A question that has often been asked over the years is whether IRAF would
benefit from specialized hardware (e.g. the Altivec array processor on PPC
systems) or high-performance compilers. The short answer is, it depends.
See below for further discussion .....
Array processors such as the Altivec do indeed provide a performance
boost, but as we've seen from the discussion on memory usage, many IRAF
tasks don't process really large arrays that would offset the overhead of
restructuring the data so specialized routines could be used. In more recent
times, the focus has been on whether GPU processing power could be applied and the answer (given without any actual testing to back it up) is that again we would probably need to restructure applications to make optimal use of the hardware.
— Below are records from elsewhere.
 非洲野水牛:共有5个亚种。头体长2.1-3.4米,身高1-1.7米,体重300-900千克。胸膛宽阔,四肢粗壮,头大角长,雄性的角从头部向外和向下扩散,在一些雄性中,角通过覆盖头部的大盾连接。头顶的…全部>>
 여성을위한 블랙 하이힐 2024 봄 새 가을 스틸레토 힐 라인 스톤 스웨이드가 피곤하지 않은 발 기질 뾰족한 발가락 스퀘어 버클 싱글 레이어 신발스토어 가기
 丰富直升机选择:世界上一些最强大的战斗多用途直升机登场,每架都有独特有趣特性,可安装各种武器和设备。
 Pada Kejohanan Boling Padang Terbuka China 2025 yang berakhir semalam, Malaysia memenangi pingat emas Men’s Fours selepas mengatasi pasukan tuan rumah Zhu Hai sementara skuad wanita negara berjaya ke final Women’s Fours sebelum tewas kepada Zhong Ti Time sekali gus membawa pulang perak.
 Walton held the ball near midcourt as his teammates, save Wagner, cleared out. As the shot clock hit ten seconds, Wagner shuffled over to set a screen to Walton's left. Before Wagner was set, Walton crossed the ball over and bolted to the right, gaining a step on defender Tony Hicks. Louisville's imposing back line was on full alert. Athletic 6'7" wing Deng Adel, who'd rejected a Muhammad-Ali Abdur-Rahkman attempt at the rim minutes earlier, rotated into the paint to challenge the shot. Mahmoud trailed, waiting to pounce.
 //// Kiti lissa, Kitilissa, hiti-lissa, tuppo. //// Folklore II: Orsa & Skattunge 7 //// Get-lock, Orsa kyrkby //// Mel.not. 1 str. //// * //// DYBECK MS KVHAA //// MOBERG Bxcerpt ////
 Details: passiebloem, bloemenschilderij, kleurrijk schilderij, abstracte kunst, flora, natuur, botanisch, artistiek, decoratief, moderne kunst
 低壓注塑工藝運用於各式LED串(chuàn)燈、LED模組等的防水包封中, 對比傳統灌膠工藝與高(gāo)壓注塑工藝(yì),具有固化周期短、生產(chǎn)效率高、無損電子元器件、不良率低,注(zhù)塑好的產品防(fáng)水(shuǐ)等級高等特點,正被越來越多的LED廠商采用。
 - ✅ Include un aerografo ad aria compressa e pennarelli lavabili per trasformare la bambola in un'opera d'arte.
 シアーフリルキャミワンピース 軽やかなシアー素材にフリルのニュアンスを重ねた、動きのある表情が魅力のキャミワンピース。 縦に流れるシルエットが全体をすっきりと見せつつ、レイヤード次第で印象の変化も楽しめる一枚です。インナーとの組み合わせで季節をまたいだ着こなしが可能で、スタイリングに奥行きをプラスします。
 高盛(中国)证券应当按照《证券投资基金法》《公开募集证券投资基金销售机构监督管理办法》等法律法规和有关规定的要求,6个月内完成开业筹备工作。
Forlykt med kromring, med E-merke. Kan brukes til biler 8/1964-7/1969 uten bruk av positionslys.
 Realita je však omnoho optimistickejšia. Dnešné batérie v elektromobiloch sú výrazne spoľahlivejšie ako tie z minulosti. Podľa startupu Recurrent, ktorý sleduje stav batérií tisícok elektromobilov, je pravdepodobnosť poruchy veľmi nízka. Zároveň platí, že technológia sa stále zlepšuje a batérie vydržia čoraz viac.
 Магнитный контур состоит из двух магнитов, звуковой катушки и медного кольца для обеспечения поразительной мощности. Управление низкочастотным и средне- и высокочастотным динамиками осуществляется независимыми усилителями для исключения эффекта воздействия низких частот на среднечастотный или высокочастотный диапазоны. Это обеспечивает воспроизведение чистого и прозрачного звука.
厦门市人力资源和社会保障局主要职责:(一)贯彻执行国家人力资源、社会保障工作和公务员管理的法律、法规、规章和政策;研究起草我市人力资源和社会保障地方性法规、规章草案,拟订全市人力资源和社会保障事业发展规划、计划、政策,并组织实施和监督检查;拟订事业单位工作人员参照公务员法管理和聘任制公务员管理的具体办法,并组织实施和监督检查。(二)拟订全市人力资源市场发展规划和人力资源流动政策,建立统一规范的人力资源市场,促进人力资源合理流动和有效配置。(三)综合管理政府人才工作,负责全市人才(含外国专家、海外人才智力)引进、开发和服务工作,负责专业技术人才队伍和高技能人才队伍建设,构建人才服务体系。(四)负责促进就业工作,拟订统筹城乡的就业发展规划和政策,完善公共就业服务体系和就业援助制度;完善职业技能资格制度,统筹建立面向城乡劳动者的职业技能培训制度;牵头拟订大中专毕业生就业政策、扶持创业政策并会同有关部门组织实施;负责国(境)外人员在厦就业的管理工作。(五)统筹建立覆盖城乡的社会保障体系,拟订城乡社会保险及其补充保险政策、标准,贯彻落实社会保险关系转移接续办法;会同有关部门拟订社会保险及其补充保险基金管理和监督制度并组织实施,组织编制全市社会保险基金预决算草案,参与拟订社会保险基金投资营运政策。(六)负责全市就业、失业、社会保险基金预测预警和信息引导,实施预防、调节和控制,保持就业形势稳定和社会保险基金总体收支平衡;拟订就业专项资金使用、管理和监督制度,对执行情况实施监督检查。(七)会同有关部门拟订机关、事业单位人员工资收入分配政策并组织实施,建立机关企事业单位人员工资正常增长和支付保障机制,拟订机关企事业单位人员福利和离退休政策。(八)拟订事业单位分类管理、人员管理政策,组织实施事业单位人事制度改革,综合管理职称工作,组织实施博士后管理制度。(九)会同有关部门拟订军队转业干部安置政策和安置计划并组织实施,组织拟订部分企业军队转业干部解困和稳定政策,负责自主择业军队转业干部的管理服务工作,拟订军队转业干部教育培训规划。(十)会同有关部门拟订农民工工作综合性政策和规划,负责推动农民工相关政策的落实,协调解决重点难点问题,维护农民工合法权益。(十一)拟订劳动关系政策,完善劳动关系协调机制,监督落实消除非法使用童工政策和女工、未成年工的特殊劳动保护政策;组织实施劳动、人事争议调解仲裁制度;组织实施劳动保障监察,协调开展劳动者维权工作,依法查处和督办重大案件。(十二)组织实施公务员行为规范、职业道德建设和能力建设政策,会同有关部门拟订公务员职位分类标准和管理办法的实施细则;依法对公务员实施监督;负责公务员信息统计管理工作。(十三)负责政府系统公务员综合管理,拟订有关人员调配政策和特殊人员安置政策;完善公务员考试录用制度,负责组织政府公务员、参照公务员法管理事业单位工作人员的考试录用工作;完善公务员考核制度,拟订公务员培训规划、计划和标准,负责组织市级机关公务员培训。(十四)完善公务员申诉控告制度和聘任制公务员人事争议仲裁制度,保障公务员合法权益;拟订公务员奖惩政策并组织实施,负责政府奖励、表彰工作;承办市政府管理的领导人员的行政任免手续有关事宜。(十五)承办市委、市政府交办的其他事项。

These solutions also don't work as well for general-purpose code
where platform portability is a concern. For a systematic enhancement we can
look at various compiler options, especially for PC systems we have a choice of either the free GCC-based compilers or commercial alternatives. (While
not presented here in detail, an evaluation of the Intel compiler was
examined and though it showed overall better performance for general Fortran
code, porting IRAF to this compiler was more effort than we wanted to expend
for a simple test).
The results are shown below in Table A1 for the various GCC flavors
of compiler. The current IRAF system is built using standard F2C (at the
time of the original Linux port this was the only stable option, G77/GFortran
have become much improved since then), which the table shows is not the worst option. The G77 we tested was the most recent version, and the GFortran compiler was an advanced version that auto-vectorizes code. As a further test, we show results obtained when using FITS as the image format as well as the older IMH format.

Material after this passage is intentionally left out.